Portanto, nos casos de locação não residencial, deve o locatário observar que, uma vez que a locação estiver por prazo indeterminado, havendo interesse do locador de rescindi-lo, procedendo na notificação do locatário, deverá este providenciar na desocupação no prazo concedido, de trinta dias, ou buscar um acordo com o locador, para que não seja surpreendido por um mandado de despejo para ter que desocupar o imóvel.

Claro que, para que seja concedida essa liminar de despejo para desocupação em quinze dias, devem ser observados vários requisitos: é somente para contrato de locação não residencial; e a ação de despejo instaurada dentro do prazo de 30 dias a contar da data final do prazo contratual previsto, ou, já estando o contrato por prazo indeterminado, o locador deve notificar para que este desocupe o imóvel no prazo de 30 dias, se o locatário não desocupar, a ação de despejo deve ser ajuizada dentro dos 30 dias subsequentes ao término do prazo da notificação.

Vale dizer que essa introdução da lei, de concessão de liminar, embora pareça prejudicial ao locatário, é entendida como uma visão moderna do legislador quanto à questão do valor social da locação não residencial, diferente da locação que se destina à moradia do locatário e sua família.

A lei do Inquilinato também prevê, quando a locação é destinada para um comércio, a chamada ação renovatória de contrato de locação.

Essa ação, claro, prescinde de requisitos, como prova do contrato ter sido celebrado por escrito com prazo determinado de cinco anos ou mais; haver exploração do comércio, no mesmo ramo, pelo prazo mínimo de três anos; prova do exato cumprimento de suas obrigações do contrato em curso, entre outros, e somente pode ser proposta no prazo máximo de um ano, e até seis meses no mínimo antes da data do encerramento da vigência do contrato.

Contudo, mesmo que o locatário ajuíze uma ação renovatória, a Lei do Inquilinato, em seu artigo 52, prevê situações em que o locador não está obrigado a renovar o pacto locatício, que é quando, por determinação do Poder Público, tiver que realizar no imóvel, obras que importarem na sua radical transformação; ou para fazer modificações de tal natureza que aumente o valor do negócio ou da propriedade; ou quando o imóvel vier a ser utilizado por ele próprio; ou para transferência de fundo de comércio existente há mais de um ano, sendo detentor da maioria do capital o locador, seu cônjuge, ascendente ou descendente.
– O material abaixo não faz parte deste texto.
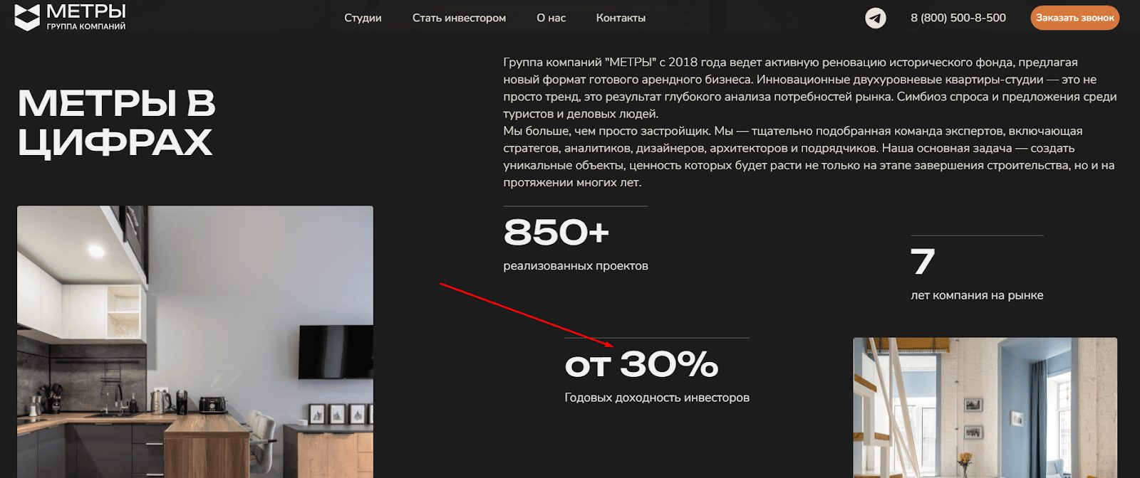 Согласно информации на сайте, указанная фирма из СПБ делает ремонт и продает маленькие квартиры в центре Петербурга. Вот их схема: менеджеры скупают многокомнатные объекты в центре, переделывают их в студии по 18–25 м², а затем продают инвесторам за 7–10 млн рублей. Покупателям гарантируют доход от аренды до 30% в год.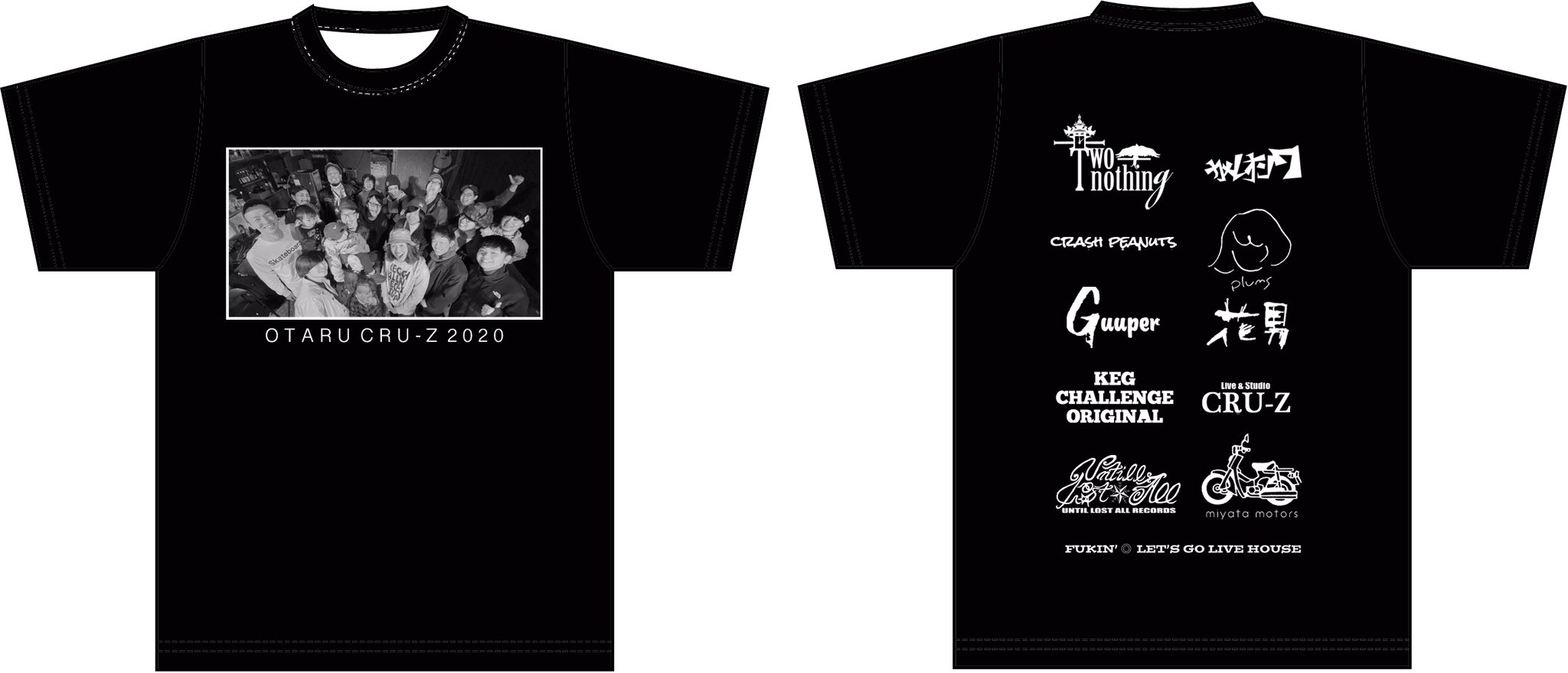 いま自分たちができる事をという事で、市内のライブハウス「Live&Studio CRU-Z」を支援したいという思いから、花男さんとムーさんで話し合いをし、賛同してくれた小樽バンドの仲間たちと支援Tシャツを制作。
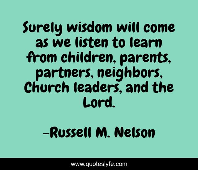 This page presents the quote "Surely wisdom will come as we listen to learn from children, parents, partners, neighbors, Church leaders, and the Lord.". Author of this quote is Russell M. Nelson. This quote is about neighbors, parents, children,.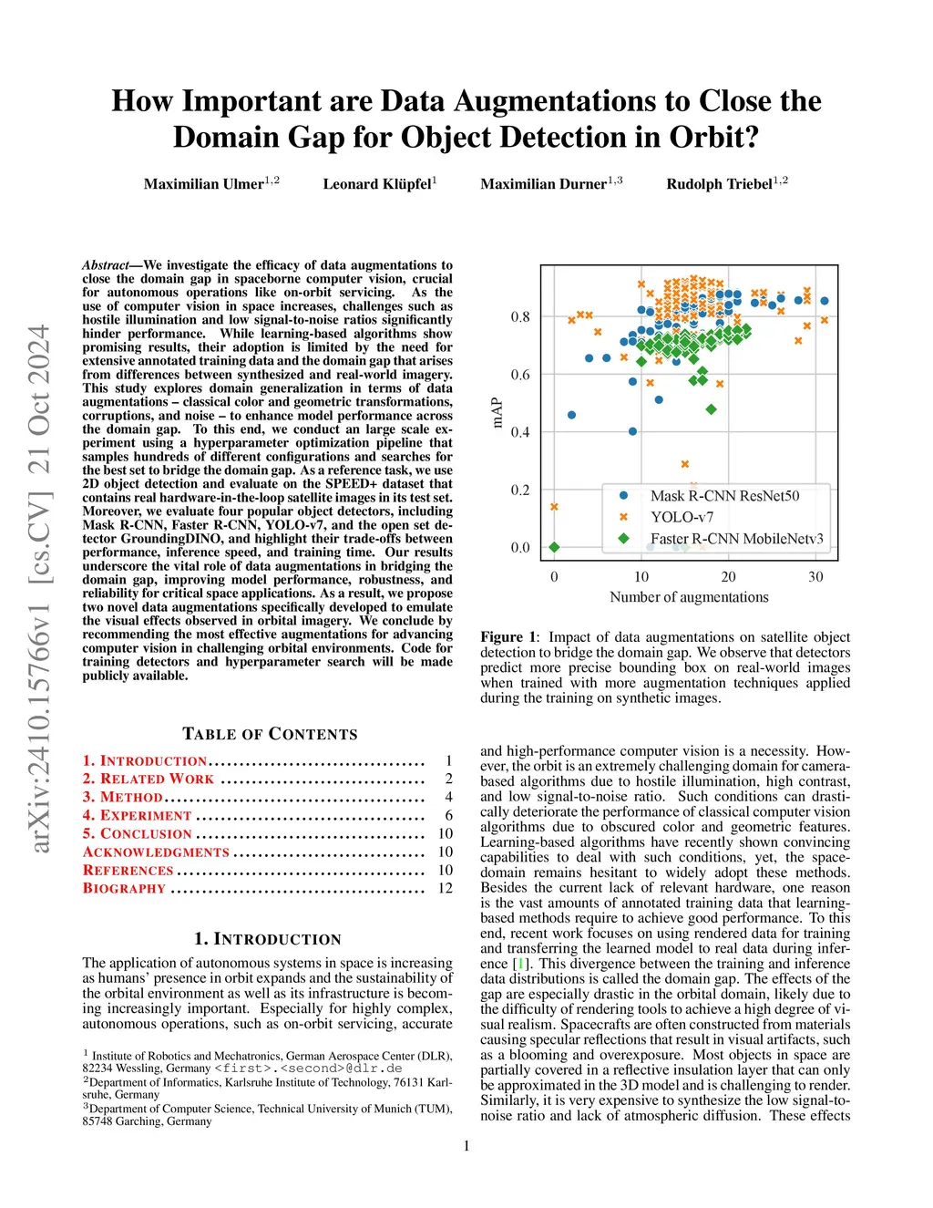 We investigate the efficacy of data augmentations to close the domain gap in spaceborne computer vision, crucial for autonomous operations like on-orbit servicing. As the use of computer vision in space increases, challenges such as hostile illumination and low signal-to-noise ratios significantly hinder performance. While learning-based algorithms show promising results, their adoption is limited by the need for extensive annotated training data and the domain gap that arises from differences between synthesized and real-world imagery. This study explores domain generalization in terms of data augmentations -- classical color and geometric transformations, corruptions, and noise -- to enhance model performance across the domain gap. To this end, we conduct an large scale experiment using a hyperparameter optimization pipeline that samples hundreds of different configurations and searches for the best set to bridge the domain gap. As a reference task, we use 2D object detection and evaluate on the SPEED+ dataset that contains real hardware-in-the-loop satellite images in its test set. Moreover, we evaluate four popular object detectors, including Mask R-CNN, Faster R-CNN, YOLO-v7, and the open set detector GroundingDINO, and highlight their trade-offs between performance, inference speed, and training time. Our results underscore the vital role of data augmentations in bridging the domain gap, improving model performance, robustness, and reliability for critical space applications. As a result, we propose two novel data augmentations specifically developed to emulate the visual effects observed in orbital imagery. We conclude by recommending the most effective augmentations for advancing computer vision in challenging orbital environments. Code for training detectors and hyperparameter search will be made publicly available.

Ainda, a lei prevê uma série de detalhes que devem ser observado para o procedimento judicial da ação renovatória.

Não podendo ajuizar a ação renovatória, se o locatário deseja se manter na locação após o término do contrato, mas há oposição do locador, o melhor caminho é tentar buscar uma negociação, já que as regras legais e também a vontade comum das partes é que norteiam a relação contratual.